▸ Assignment:
Each entry that follows is to be retyped exactly. Pictures do not belong in the copy.

▸ Given data:
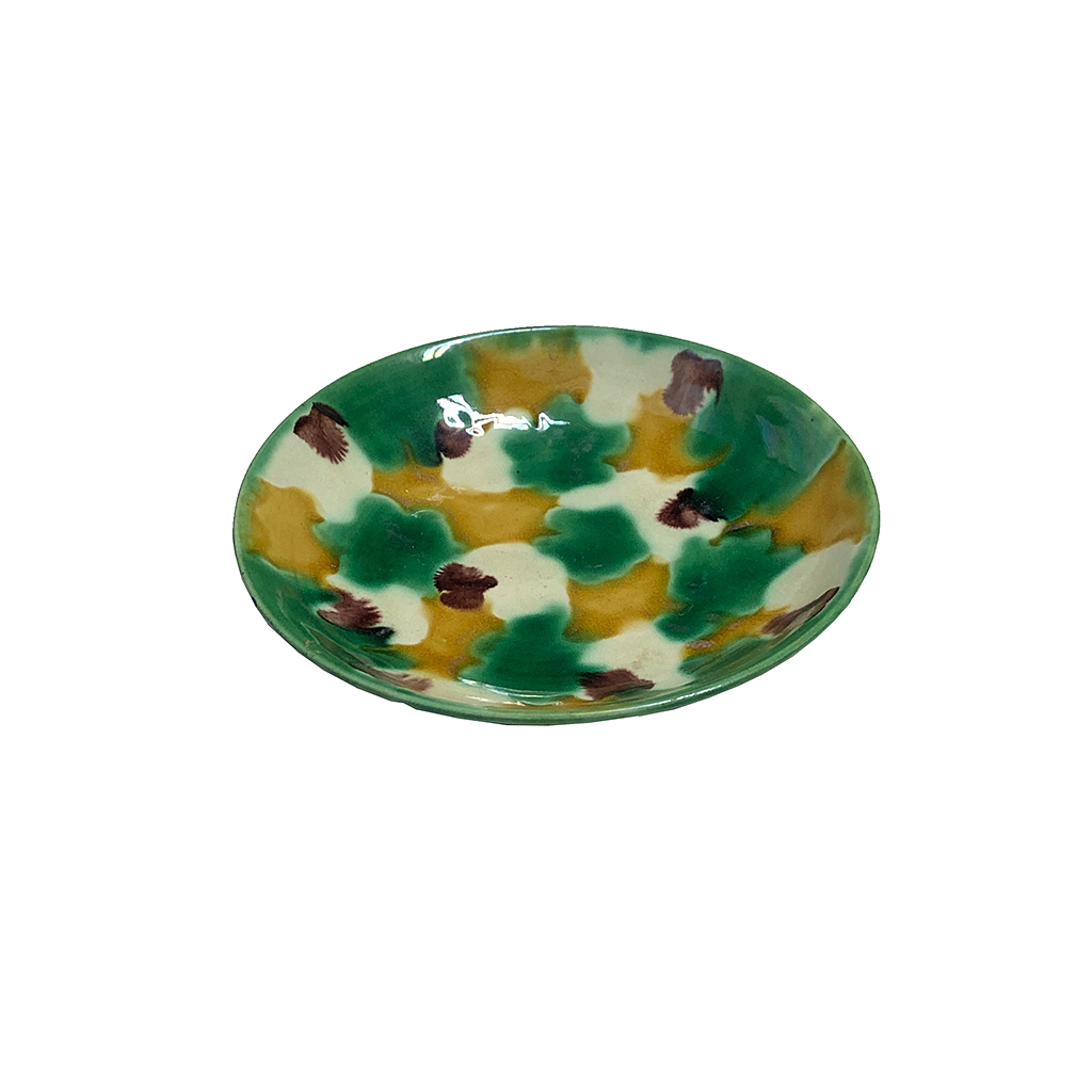 SMALL STAFFORDSHIRE PLATE / DISH GREEN AND AMBER SPLASH GLAZED 14 CM DIAM
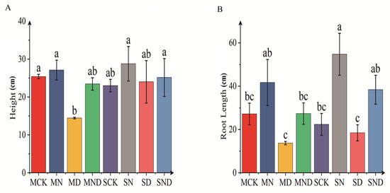 Plant physiological and ecological indicators. The bar above the column is Standard Error. (A) Plant height; (B) root length. Note: Different letters indicate significant differences between different treatment groups (p < 0.05). M: sterilization treatment; S: non-sterile treatment; CK: control group; N: nitrogen addition group; D: water deficit group; ND: water deficit, nitrogen addition group.
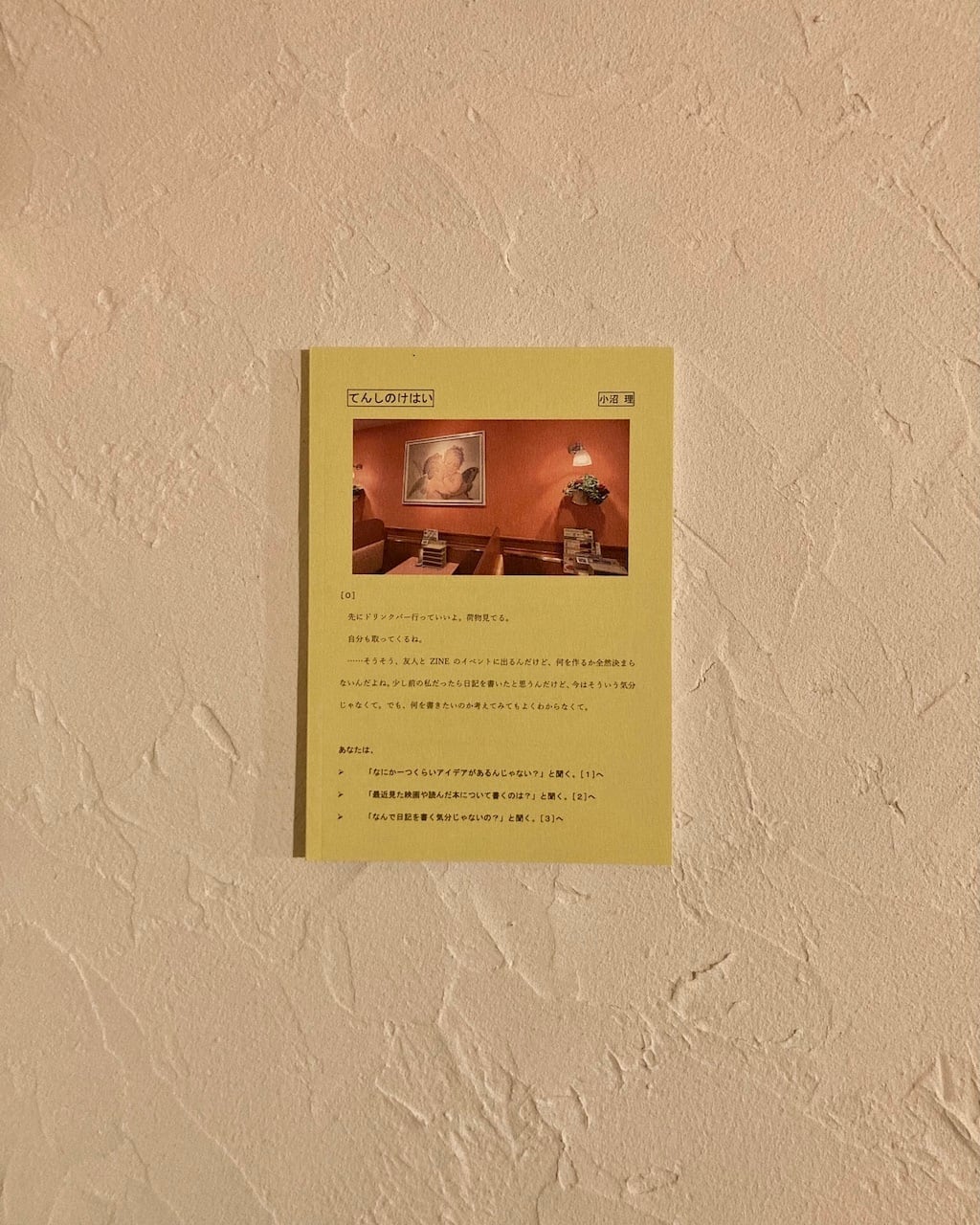 ドリンクバーを頼んで、何度でも雑談しよう。「サイゼリヤで架空の雑談をする」という設定の、ゲームブック形式のZINEです。選択肢によって会話が分岐し、展開が変わっていきます。雑談の内容はホックニーがiPadで描いた絵、天才てれびくん、『ドゥーム・ジェネレーション』、日記を書くこと、『あらゆることは今起こる』、パレスチナ解放デモ、天使たち。
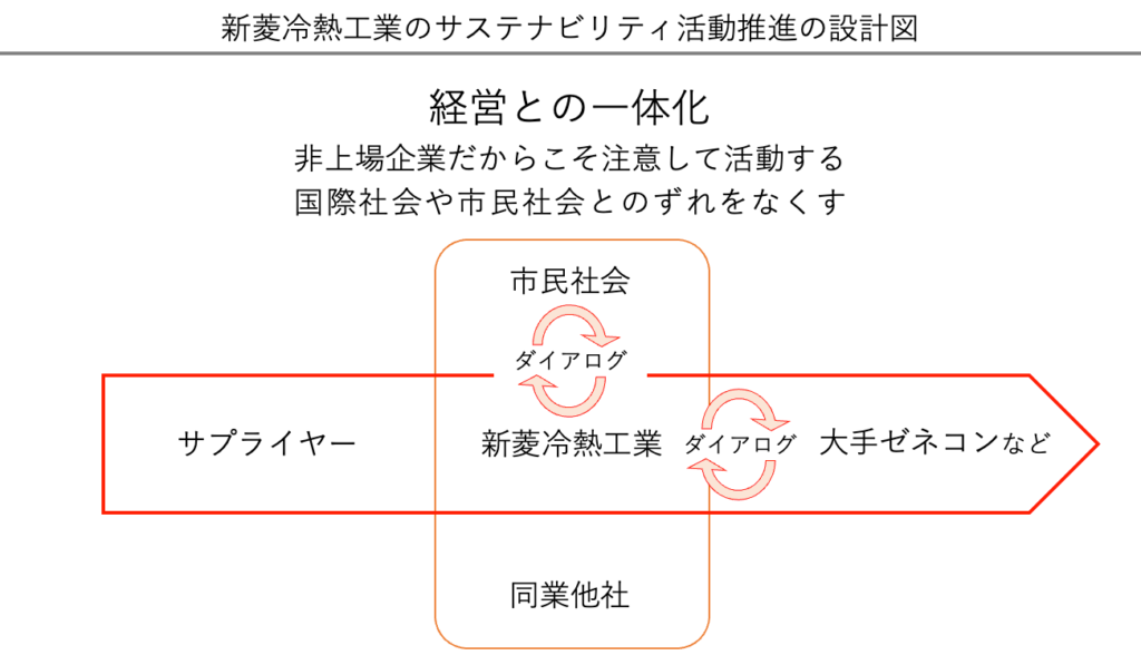 非上場であるため、投資家からのESG評価や市場の圧力はありません。BtoB企業であることも重なり、生活者からの声も限定的です。この構造は、サステナビリティ経営において「ずれ」が生じやすい環境でもあります。だからこそ、新菱冷熱は自らを律し、問い続けています。10年のお付き合いになりますが、その姿勢は一貫しています。
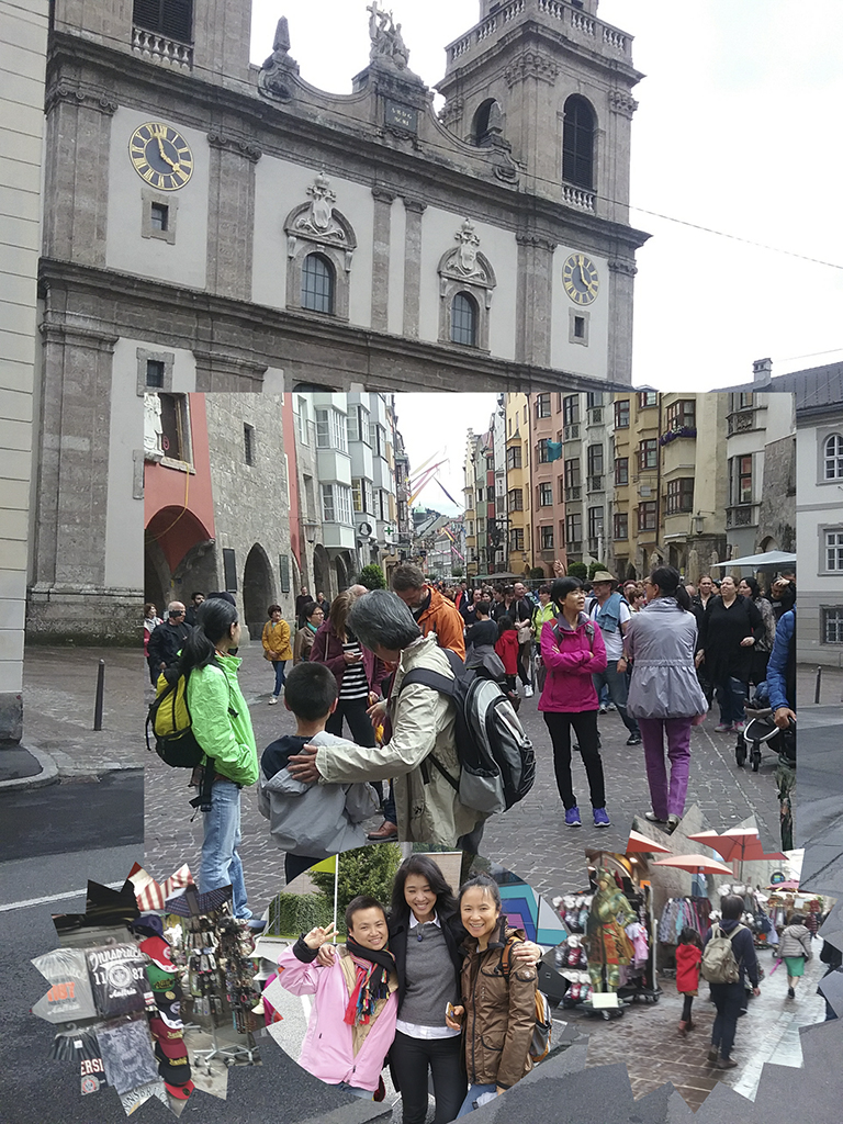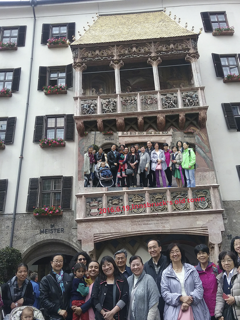 外頭的花園融合自然與現代建築藝術,我們被一群吃草的綿羊給吸引,不遠處卻是一個特別的水池,人們可以透過通道進入水池中間,讓外面的人以為人被水淹沒的假象,十分有趣.但時間不等人,我們也再次匆匆地趕往Innsbruck,可惜只有短短的時間可以停留在這個如童話故事般的中世紀小鎮,但這些記憶中的片段,不就是促使我們再踏上另一個旅程的動力嗎? 回程的巴士上,再次用水字接龍回顧我們今天的水晶之旅,大人小孩用德文、中文、英文,互相打打鬧鬧的接龍,車子也不知不覺的回到了熟悉的慕尼黑.

▸ Solution to the problem:
 SMALL STAFFORDSHIRE PLATE / DISH GREEN AND AMBER SPLASH GLAZED 14 CM DIAM
 Plant physiological and ecological indicators. The bar above the column is Standard Error. (A) Plant height; (B) root length. Note: Different letters indicate significant differences between different treatment groups (p < 0.05). M: sterilization treatment; S: non-sterile treatment; CK: control group; N: nitrogen addition group; D: water deficit group; ND: water deficit, nitrogen addition group.
 ドリンクバーを頼んで、何度でも雑談しよう。「サイゼリヤで架空の雑談をする」という設定の、ゲームブック形式のZINEです。選択肢によって会話が分岐し、展開が変わっていきます。雑談の内容はホックニーがiPadで描いた絵、天才てれびくん、『ドゥーム・ジェネレーション』、日記を書くこと、『あらゆることは今起こる』、パレスチナ解放デモ、天使たち。
 非上場であるため、投資家からのESG評価や市場の圧力はありません。BtoB企業であることも重なり、生活者からの声も限定的です。この構造は、サステナビリティ経営において「ずれ」が生じやすい環境でもあります。だからこそ、新菱冷熱は自らを律し、問い続けています。10年のお付き合いになりますが、その姿勢は一貫しています。
 外頭的花園融合自然與現代建築藝術,我們被一群吃草的綿羊給吸引,不遠處卻是一個特別的水池,人們可以透過通道進入水池中間,讓外面的人以為人被水淹沒的假象,十分有趣.但時間不等人,我們也再次匆匆地趕往Innsbruck,可惜只有短短的時間可以停留在這個如童話故事般的中世紀小鎮,但這些記憶中的片段,不就是促使我們再踏上另一個旅程的動力嗎? 回程的巴士上,再次用水字接龍回顧我們今天的水晶之旅,大人小孩用德文、中文、英文,互相打打鬧鬧的接龍,車子也不知不覺的回到了熟悉的慕尼黑.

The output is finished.